Required work — Your task is to give the listing below back word for word, pictures excluded.
─── Exercise data
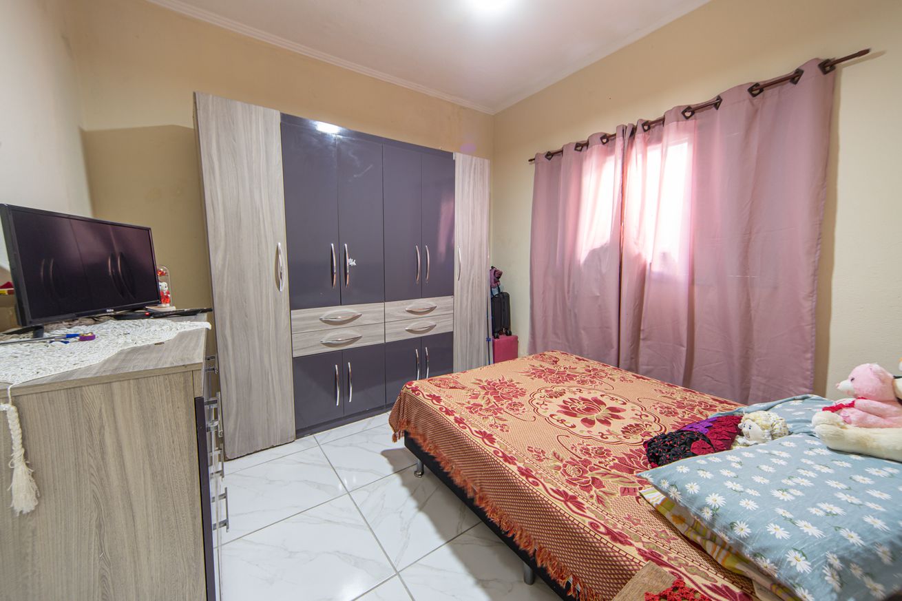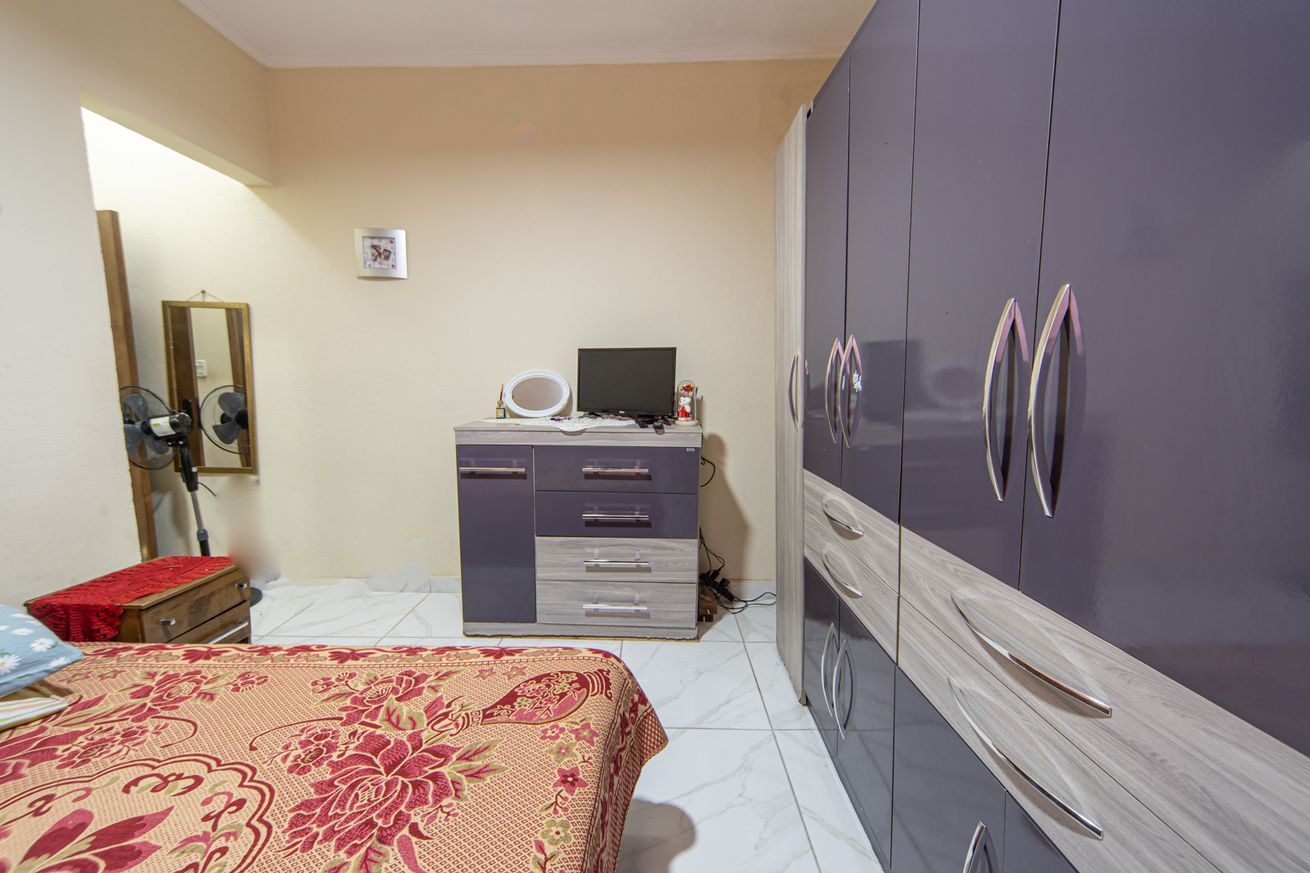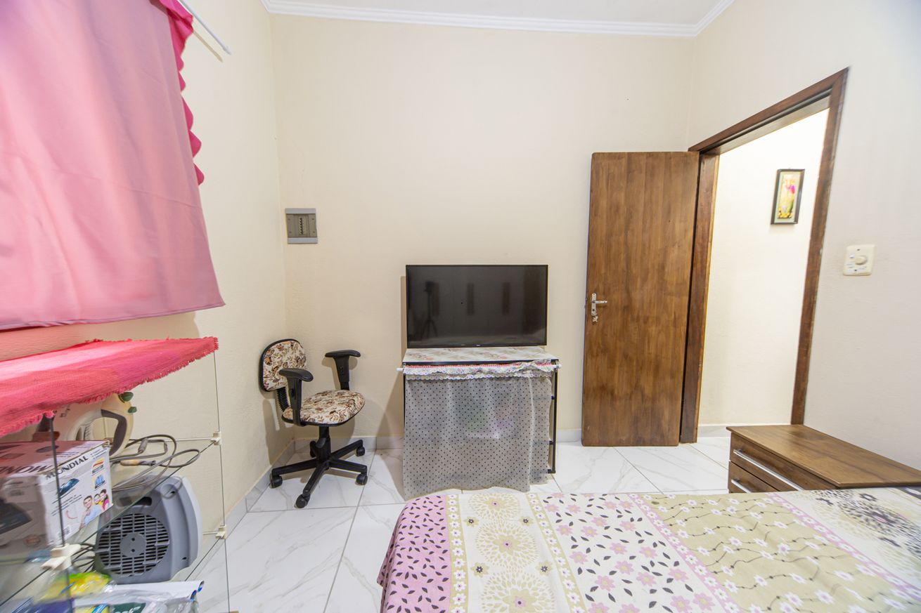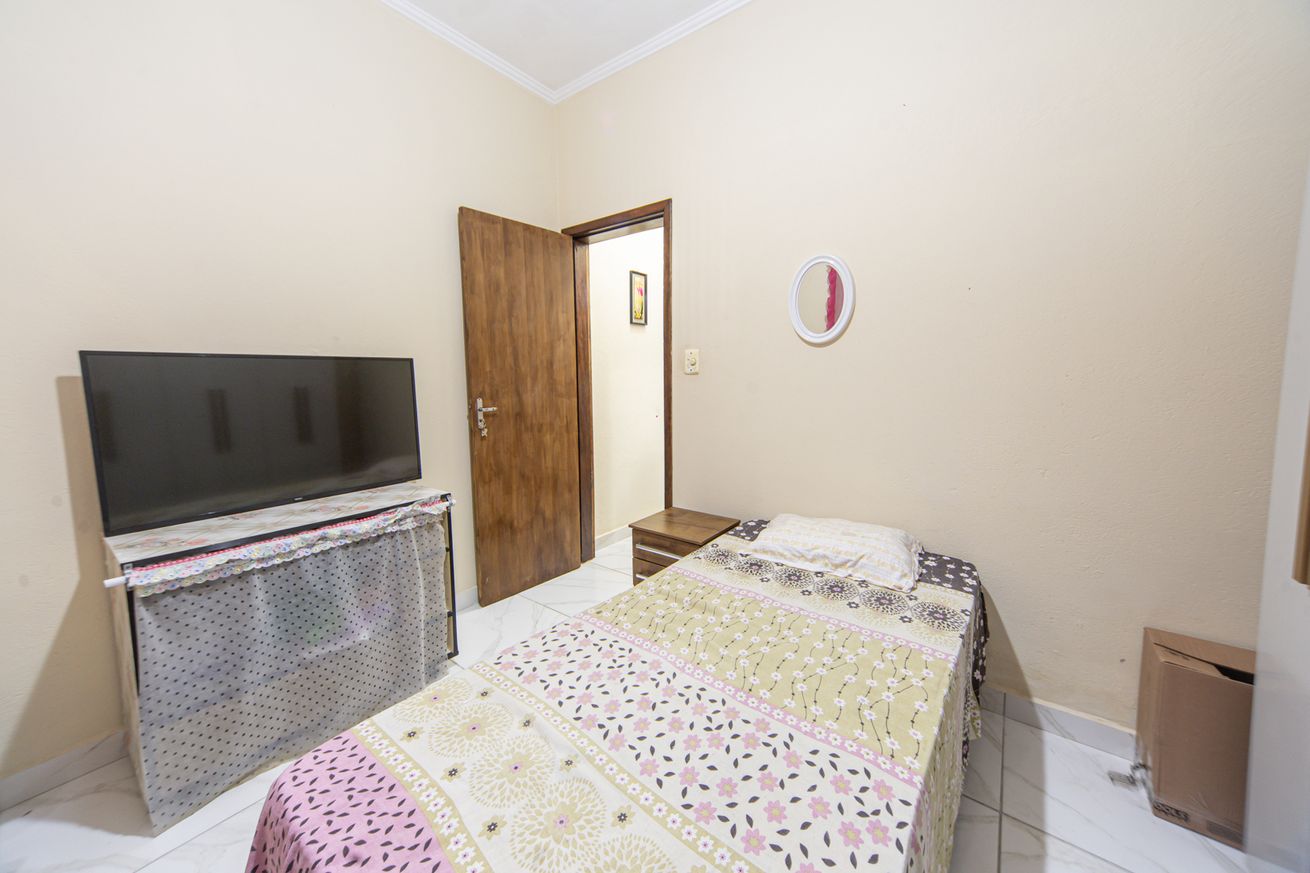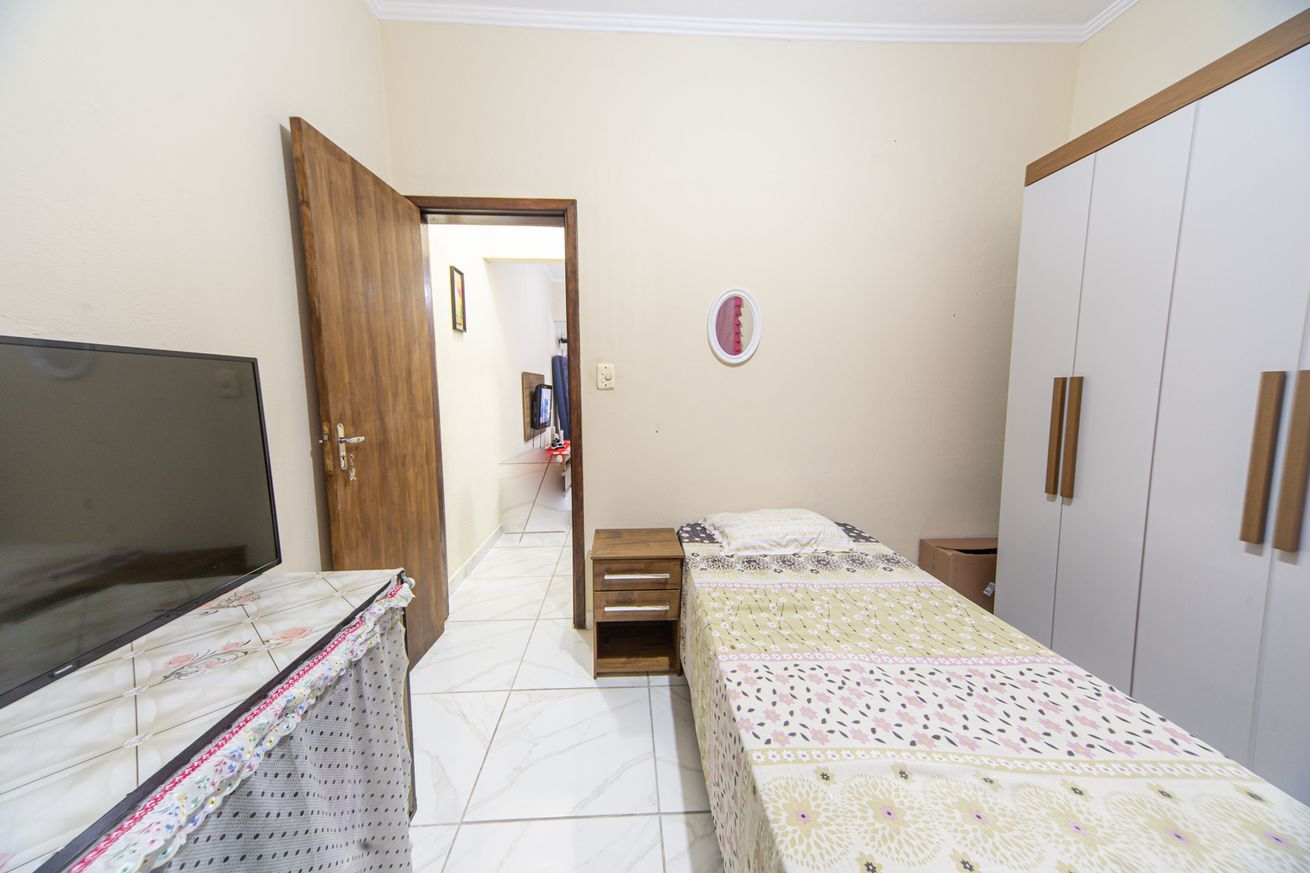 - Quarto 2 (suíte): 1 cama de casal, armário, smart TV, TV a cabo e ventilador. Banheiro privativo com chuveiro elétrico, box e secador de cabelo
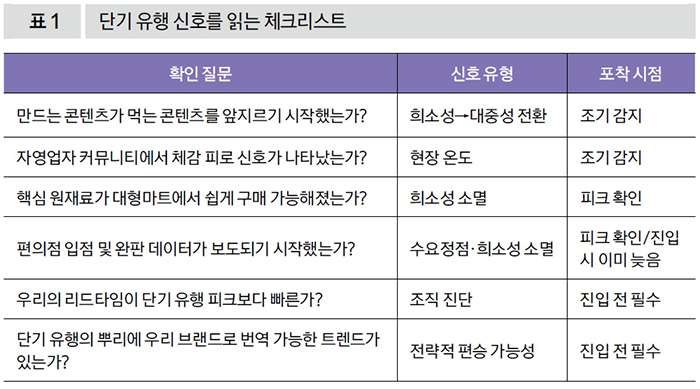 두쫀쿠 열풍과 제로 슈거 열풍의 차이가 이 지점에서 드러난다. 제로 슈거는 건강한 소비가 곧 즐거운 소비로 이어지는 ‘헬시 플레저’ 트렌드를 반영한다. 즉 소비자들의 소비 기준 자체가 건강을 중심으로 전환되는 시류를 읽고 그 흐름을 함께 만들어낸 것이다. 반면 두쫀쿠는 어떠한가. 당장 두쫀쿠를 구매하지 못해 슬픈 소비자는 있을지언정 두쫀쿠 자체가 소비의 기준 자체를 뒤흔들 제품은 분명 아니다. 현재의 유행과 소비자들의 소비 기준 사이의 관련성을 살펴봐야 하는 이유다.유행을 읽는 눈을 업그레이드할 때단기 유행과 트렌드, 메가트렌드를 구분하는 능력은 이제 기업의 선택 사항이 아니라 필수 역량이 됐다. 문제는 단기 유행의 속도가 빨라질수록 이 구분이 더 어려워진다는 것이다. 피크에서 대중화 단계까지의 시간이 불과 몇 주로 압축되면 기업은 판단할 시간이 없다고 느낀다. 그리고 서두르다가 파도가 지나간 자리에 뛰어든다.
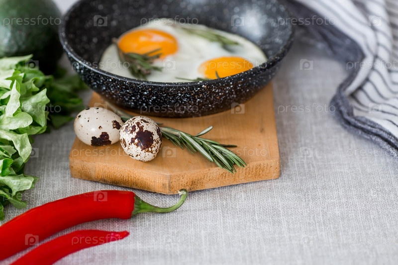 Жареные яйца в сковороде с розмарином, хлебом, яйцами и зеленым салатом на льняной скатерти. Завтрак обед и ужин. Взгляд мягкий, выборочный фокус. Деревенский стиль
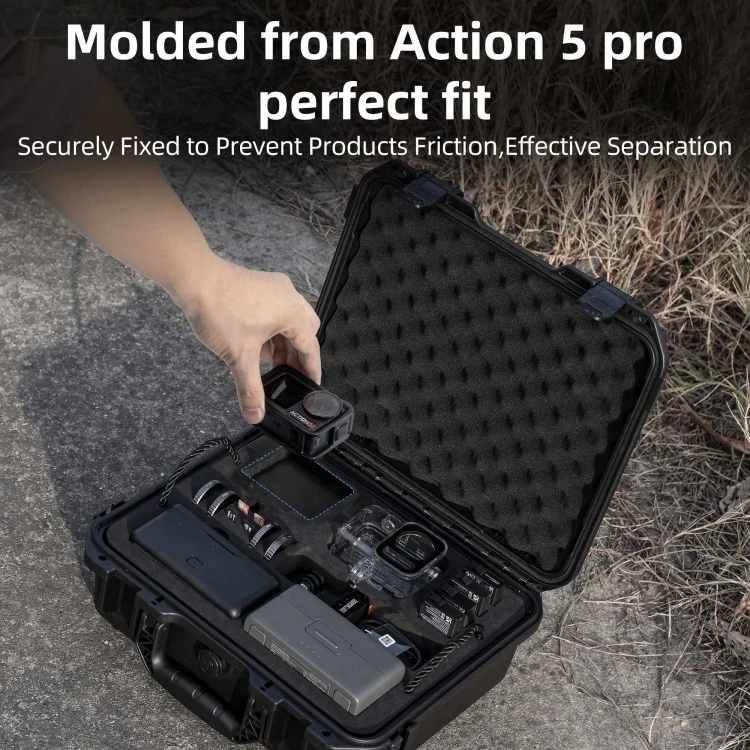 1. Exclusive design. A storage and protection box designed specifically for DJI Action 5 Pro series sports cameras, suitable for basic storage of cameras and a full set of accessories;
──────
Result below —
 - Quarto 2 (suíte): 1 cama de casal, armário, smart TV, TV a cabo e ventilador. Banheiro privativo com chuveiro elétrico, box e secador de cabelo
 두쫀쿠 열풍과 제로 슈거 열풍의 차이가 이 지점에서 드러난다. 제로 슈거는 건강한 소비가 곧 즐거운 소비로 이어지는 ‘헬시 플레저’ 트렌드를 반영한다. 즉 소비자들의 소비 기준 자체가 건강을 중심으로 전환되는 시류를 읽고 그 흐름을 함께 만들어낸 것이다. 반면 두쫀쿠는 어떠한가. 당장 두쫀쿠를 구매하지 못해 슬픈 소비자는 있을지언정 두쫀쿠 자체가 소비의 기준 자체를 뒤흔들 제품은 분명 아니다. 현재의 유행과 소비자들의 소비 기준 사이의 관련성을 살펴봐야 하는 이유다.유행을 읽는 눈을 업그레이드할 때단기 유행과 트렌드, 메가트렌드를 구분하는 능력은 이제 기업의 선택 사항이 아니라 필수 역량이 됐다. 문제는 단기 유행의 속도가 빨라질수록 이 구분이 더 어려워진다는 것이다. 피크에서 대중화 단계까지의 시간이 불과 몇 주로 압축되면 기업은 판단할 시간이 없다고 느낀다. 그리고 서두르다가 파도가 지나간 자리에 뛰어든다.
 Жареные яйца в сковороде с розмарином, хлебом, яйцами и зеленым салатом на льняной скатерти. Завтрак обед и ужин. Взгляд мягкий, выборочный фокус. Деревенский стиль
 1. Exclusive design. A storage and protection box designed specifically for DJI Action 5 Pro series sports cameras, suitable for basic storage of cameras and a full set of accessories;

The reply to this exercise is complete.